Abstract 529P
Background
Patients (pts) with colorectal cancer (CRC) who experience metastatic spread to many distant organs have been shown to have poorer survival rates. It is still unknown if the location of distant metastases impacts survival outcomes. The aim of this real-world substudy was to assess the survival differences by metastatic patterns in pts receiving sequential treatment with regorafenib (R) and trifluridine/tipiracil (T) and vice versa. The endpoints were median overall survival (mOS) and median progression-free survival (mPFS).
Methods
Clinical data on pts diagnosed with metastatic CRC who were treated with R and T from 2012 to 2023 have been collected retrospectively at 17 Italian cancer centers.
Results
1156 pts who were treated with sequential R and T (T/R, n=261; R/T, n=155) or T (n=427) or R (n=313) alone, were retrospectively enrolled. In this subgroups study, we focused on pts who received T/R or R/T sequences. We observed a statistically significant longer mOS in pts who were treated with R/T vs the reverse sequence: 17.6 vs 9.8 months (HR=0,55; p=0,0449) in pts with liver metastases only (n=47) and 16 vs 12 months (HR=0,61; p=0,0018) in pts with liver + other metastases (n=173), respectively.

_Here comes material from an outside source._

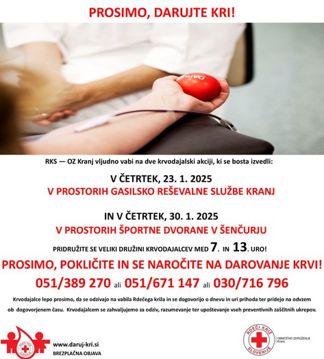 Območno združenje Rdečega križa Kranj vas vabi, da se pridružite družini krvodajalcev in se udeležite ene od januarskih terenskih krvodajalskih akcij, ki bosta:

A similar result in mOS, albeit non statistically significant, was shown in pts with other than liver metastases (n=112) in R/T vs T/R group [16,6 vs 14,7 months (HR=0,85; p=0,4255)]. In terms of mPFS, we observed a statistically significant better outcome in R/T than T/R group: 11,3 vs 7.6 months (HR=0,53; p=0,0272) in pts with liver metastases only (n=55); 11,1 vs 8,5 months (HR=0,67; p=0,0090) in pts with liver + other metastases (n=195) and 11,5 vs 8,9 months (HR=0,57; p=0,0018) in pts with other than liver metastases (n=136), respectively.
Conclusions
According to this real-world subanalysis, the R/T sequence could improve survival outcomes in third-line treatment and beyond in CRC pts with any metastatic pattern. However, treatment choices should also take into account the patient's characteristics, including gender and ECOG PS. To validate our results, further prospective research is needed.
Clinical trial identification
Editorial acknowledgement
Legal entity responsible for the study
The authors.
Funding
Has not received any funding.
Disclosure
All authors have declared no conflicts of interest.